__What this task involves__
Your copy should repeat each record below exactly and contain no images.

⁂

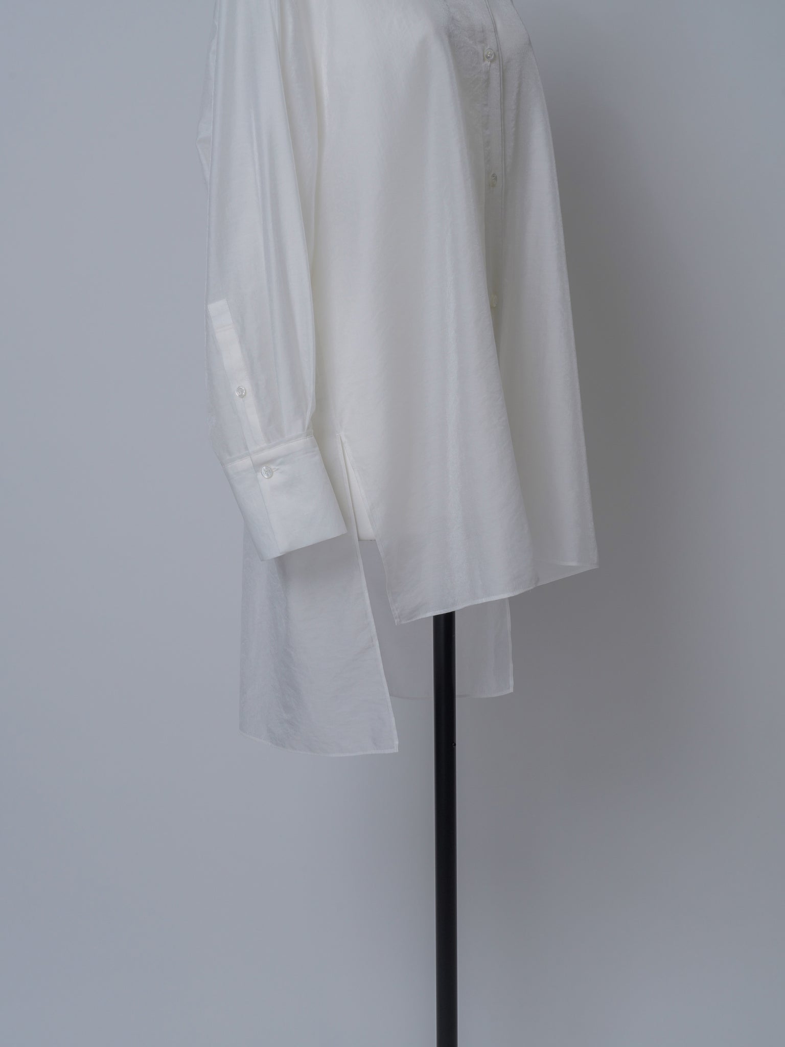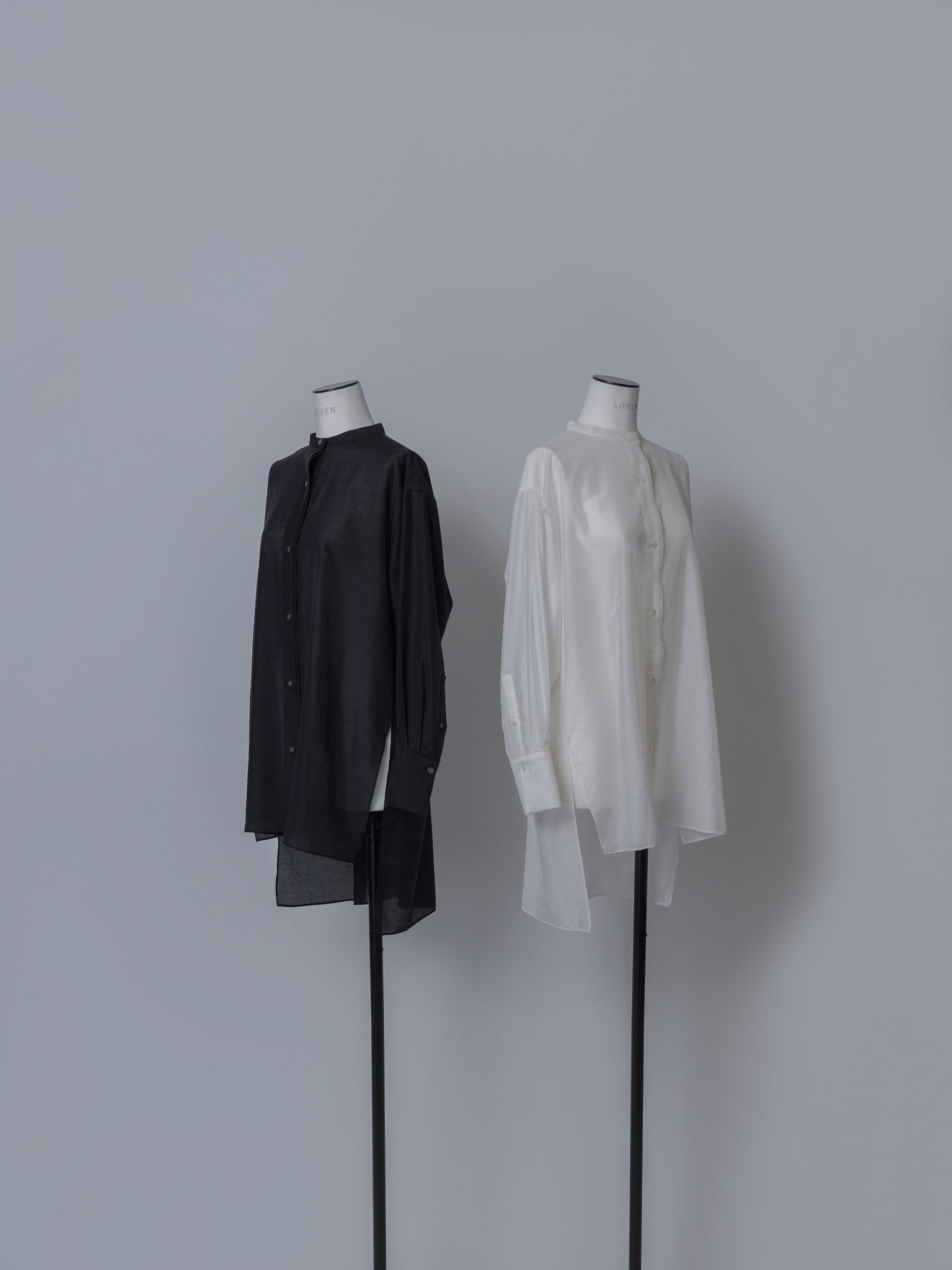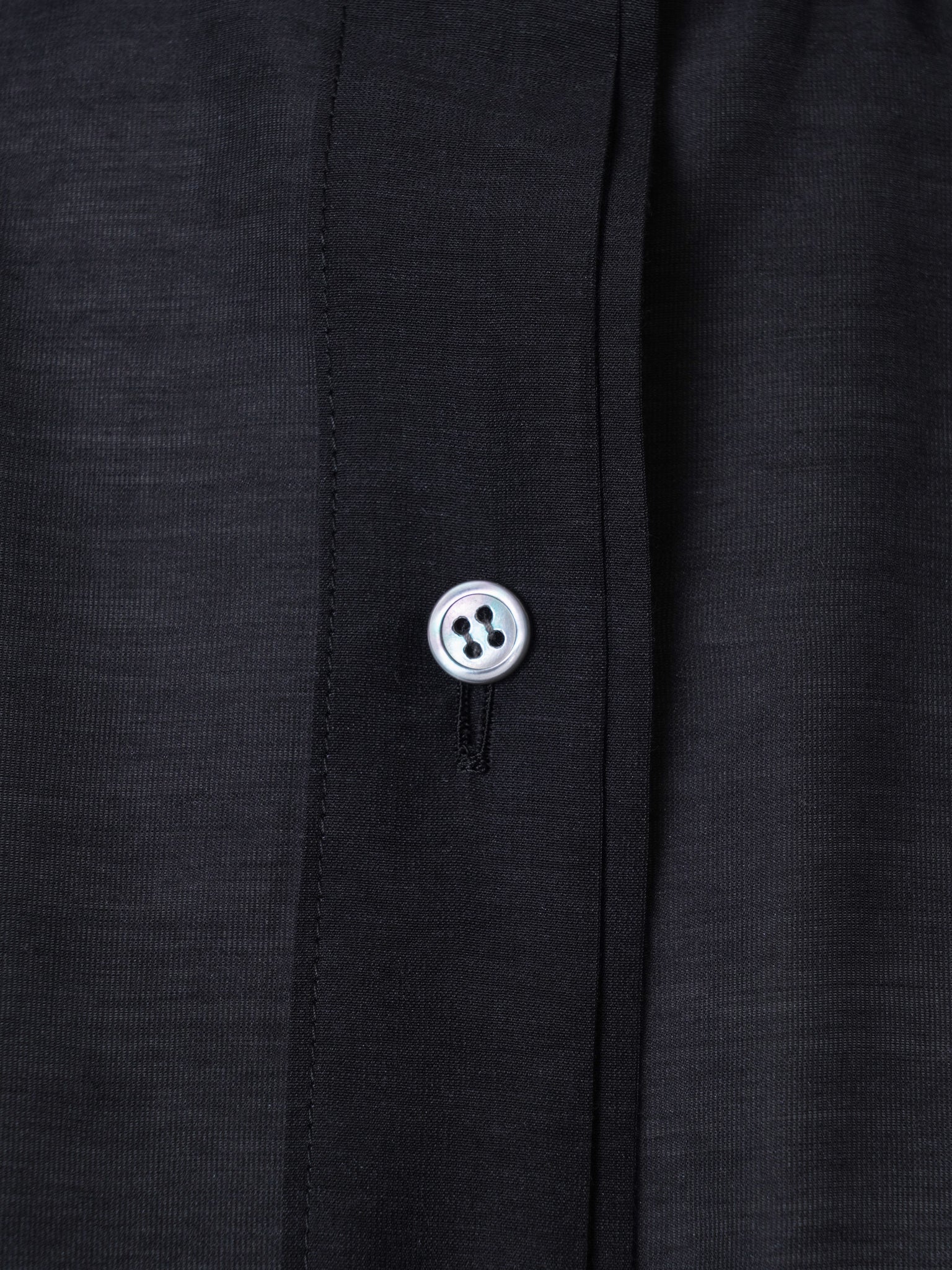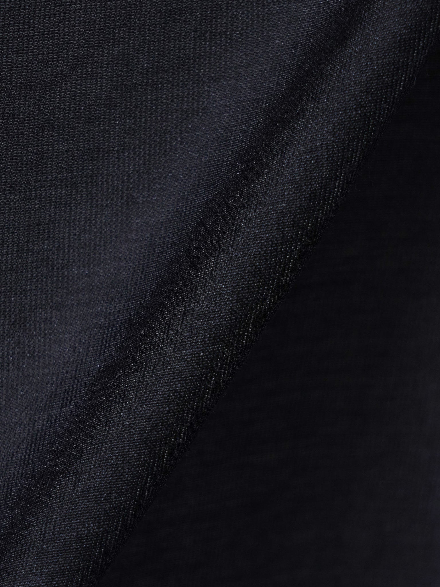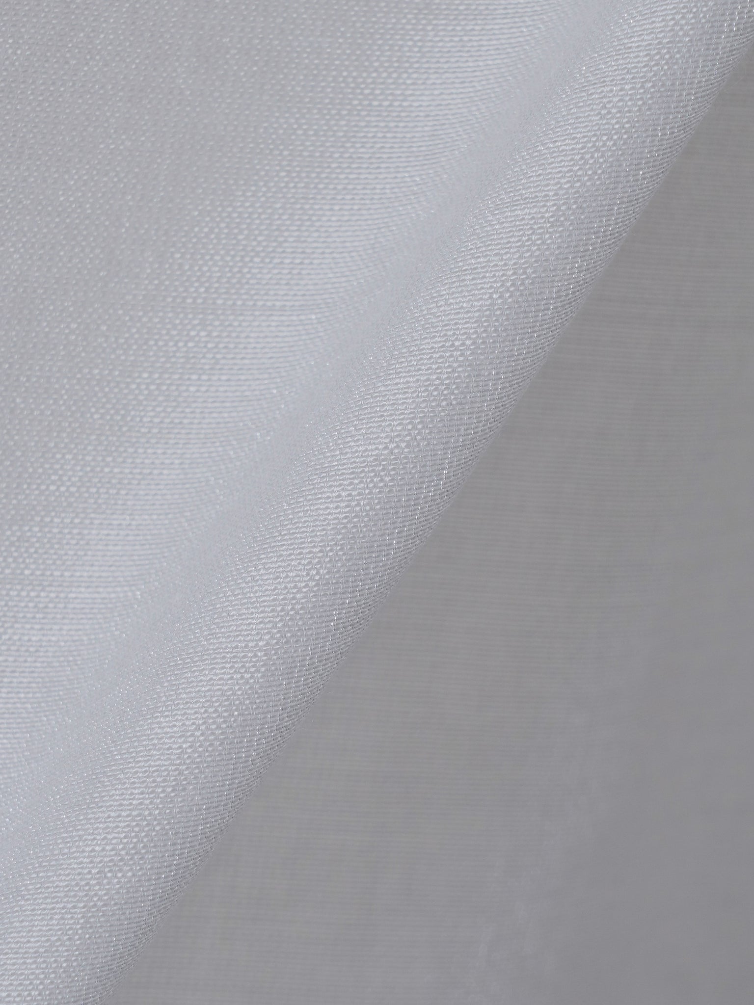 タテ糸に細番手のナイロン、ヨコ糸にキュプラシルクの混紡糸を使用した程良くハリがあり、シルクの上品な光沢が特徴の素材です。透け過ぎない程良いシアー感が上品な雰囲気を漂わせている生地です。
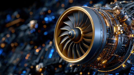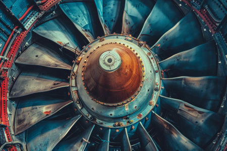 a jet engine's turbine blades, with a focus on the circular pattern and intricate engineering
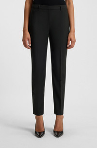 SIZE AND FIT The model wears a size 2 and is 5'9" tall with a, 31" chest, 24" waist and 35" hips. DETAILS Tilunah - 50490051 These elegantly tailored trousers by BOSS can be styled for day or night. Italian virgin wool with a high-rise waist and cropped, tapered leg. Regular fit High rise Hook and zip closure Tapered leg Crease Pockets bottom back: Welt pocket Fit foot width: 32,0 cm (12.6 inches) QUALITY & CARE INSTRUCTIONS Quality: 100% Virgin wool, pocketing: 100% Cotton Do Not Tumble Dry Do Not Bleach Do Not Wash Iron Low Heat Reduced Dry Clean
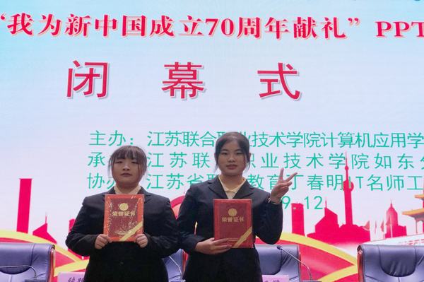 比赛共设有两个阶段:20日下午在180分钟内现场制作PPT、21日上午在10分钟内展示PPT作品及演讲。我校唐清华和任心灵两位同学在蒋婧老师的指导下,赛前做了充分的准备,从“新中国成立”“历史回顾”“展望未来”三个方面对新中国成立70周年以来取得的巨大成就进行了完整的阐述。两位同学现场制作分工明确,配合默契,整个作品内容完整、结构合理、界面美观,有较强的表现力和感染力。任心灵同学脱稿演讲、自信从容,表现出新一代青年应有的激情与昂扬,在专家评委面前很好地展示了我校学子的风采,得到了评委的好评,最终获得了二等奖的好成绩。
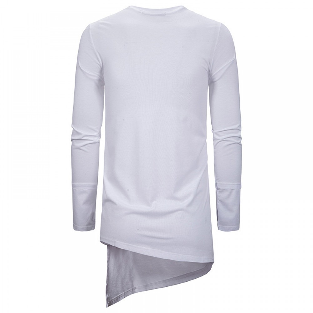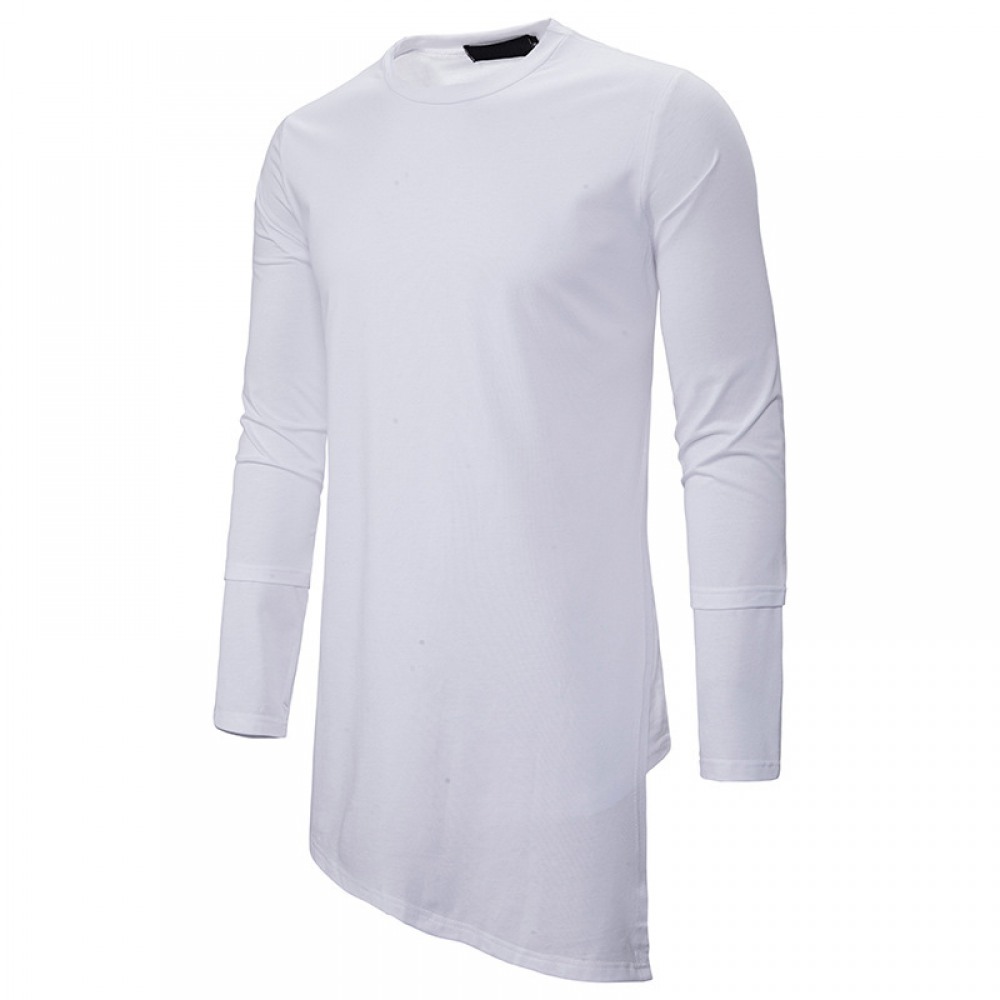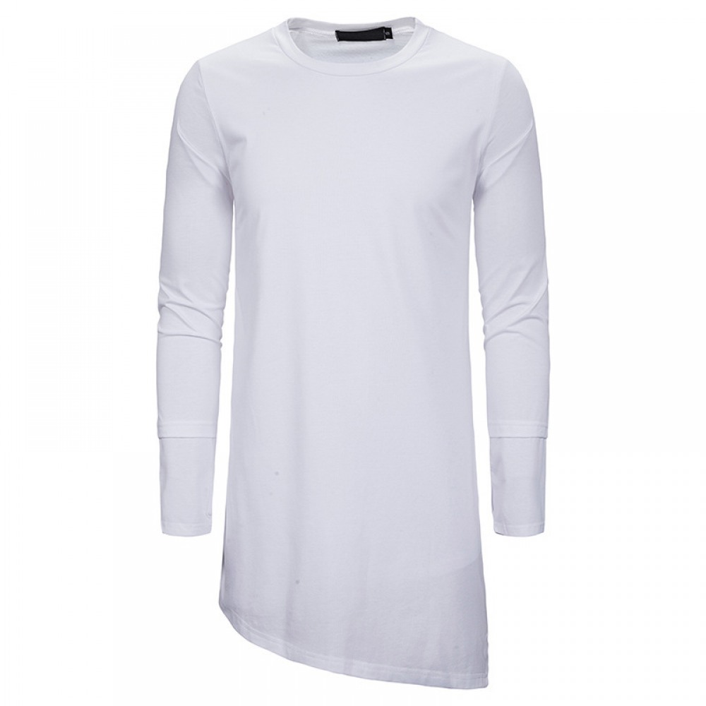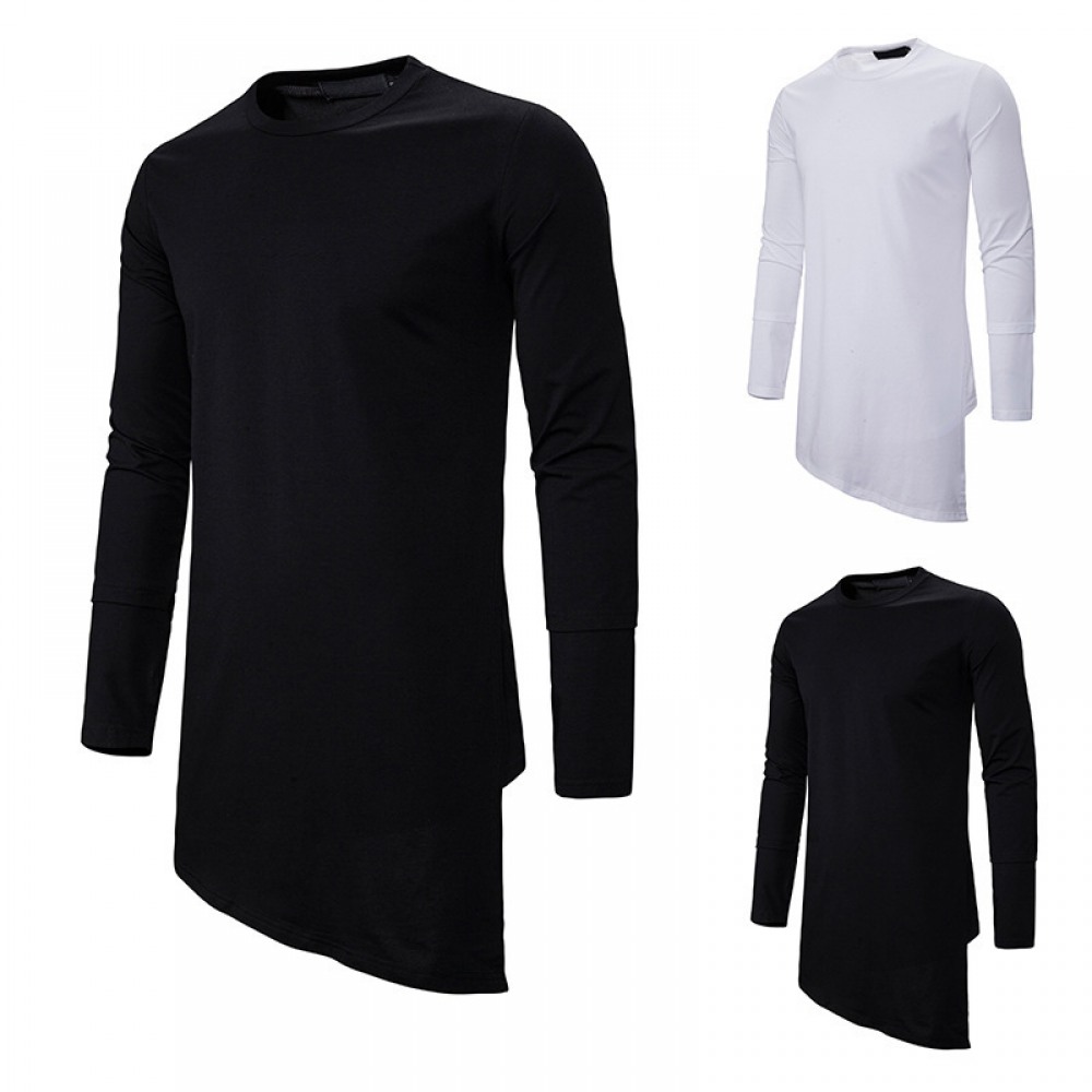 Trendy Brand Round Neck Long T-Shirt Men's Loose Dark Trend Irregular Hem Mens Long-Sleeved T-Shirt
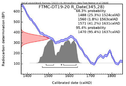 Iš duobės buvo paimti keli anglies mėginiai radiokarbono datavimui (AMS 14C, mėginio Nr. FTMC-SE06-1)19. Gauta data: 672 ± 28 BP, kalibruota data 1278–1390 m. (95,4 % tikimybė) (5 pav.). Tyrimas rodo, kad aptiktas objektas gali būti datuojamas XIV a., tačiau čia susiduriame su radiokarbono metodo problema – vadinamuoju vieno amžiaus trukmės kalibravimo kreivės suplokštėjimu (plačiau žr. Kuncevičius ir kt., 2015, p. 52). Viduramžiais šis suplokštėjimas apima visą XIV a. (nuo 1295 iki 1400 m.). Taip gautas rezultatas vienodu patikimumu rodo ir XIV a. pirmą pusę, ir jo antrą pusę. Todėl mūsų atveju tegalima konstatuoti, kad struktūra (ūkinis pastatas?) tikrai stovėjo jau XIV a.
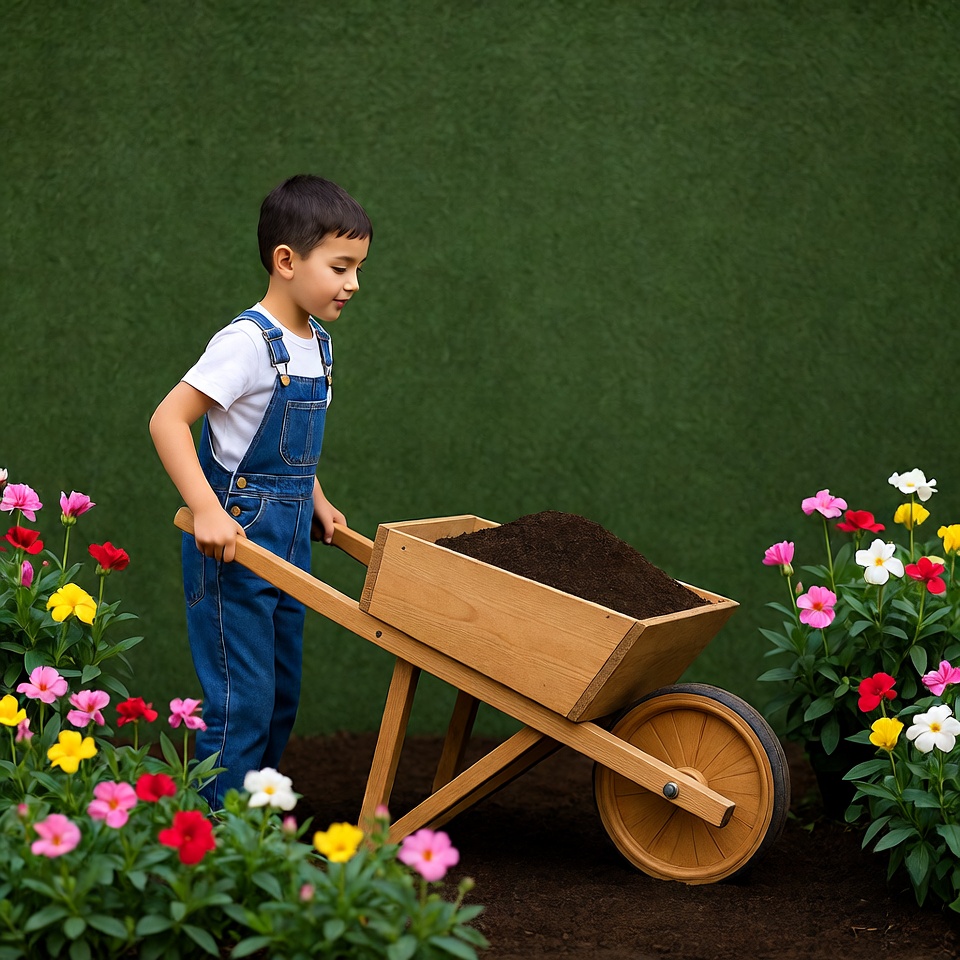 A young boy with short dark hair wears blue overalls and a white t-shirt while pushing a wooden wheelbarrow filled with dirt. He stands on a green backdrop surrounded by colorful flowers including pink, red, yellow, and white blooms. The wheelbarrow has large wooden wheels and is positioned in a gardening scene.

⁂

__Response area__
 タテ糸に細番手のナイロン、ヨコ糸にキュプラシルクの混紡糸を使用した程良くハリがあり、シルクの上品な光沢が特徴の素材です。透け過ぎない程良いシアー感が上品な雰囲気を漂わせている生地です。
 a jet engine's turbine blades, with a focus on the circular pattern and intricate engineering
 SIZE AND FIT The model wears a size 2 and is 5'9" tall with a, 31" chest, 24" waist and 35" hips. DETAILS Tilunah - 50490051 These elegantly tailored trousers by BOSS can be styled for day or night. Italian virgin wool with a high-rise waist and cropped, tapered leg. Regular fit High rise Hook and zip closure Tapered leg Crease Pockets bottom back: Welt pocket Fit foot width: 32,0 cm (12.6 inches) QUALITY & CARE INSTRUCTIONS Quality: 100% Virgin wool, pocketing: 100% Cotton Do Not Tumble Dry Do Not Bleach Do Not Wash Iron Low Heat Reduced Dry Clean
 比赛共设有两个阶段:20日下午在180分钟内现场制作PPT、21日上午在10分钟内展示PPT作品及演讲。我校唐清华和任心灵两位同学在蒋婧老师的指导下,赛前做了充分的准备,从“新中国成立”“历史回顾”“展望未来”三个方面对新中国成立70周年以来取得的巨大成就进行了完整的阐述。两位同学现场制作分工明确,配合默契,整个作品内容完整、结构合理、界面美观,有较强的表现力和感染力。任心灵同学脱稿演讲、自信从容,表现出新一代青年应有的激情与昂扬,在专家评委面前很好地展示了我校学子的风采,得到了评委的好评,最终获得了二等奖的好成绩。
 Trendy Brand Round Neck Long T-Shirt Men's Loose Dark Trend Irregular Hem Mens Long-Sleeved T-Shirt
 Iš duobės buvo paimti keli anglies mėginiai radiokarbono datavimui (AMS 14C, mėginio Nr. FTMC-SE06-1)19. Gauta data: 672 ± 28 BP, kalibruota data 1278–1390 m. (95,4 % tikimybė) (5 pav.). Tyrimas rodo, kad aptiktas objektas gali būti datuojamas XIV a., tačiau čia susiduriame su radiokarbono metodo problema – vadinamuoju vieno amžiaus trukmės kalibravimo kreivės suplokštėjimu (plačiau žr. Kuncevičius ir kt., 2015, p. 52). Viduramžiais šis suplokštėjimas apima visą XIV a. (nuo 1295 iki 1400 m.). Taip gautas rezultatas vienodu patikimumu rodo ir XIV a. pirmą pusę, ir jo antrą pusę. Todėl mūsų atveju tegalima konstatuoti, kad struktūra (ūkinis pastatas?) tikrai stovėjo jau XIV a.
 A young boy with short dark hair wears blue overalls and a white t-shirt while pushing a wooden wheelbarrow filled with dirt. He stands on a green backdrop surrounded by colorful flowers including pink, red, yellow, and white blooms. The wheelbarrow has large wooden wheels and is positioned in a gardening scene.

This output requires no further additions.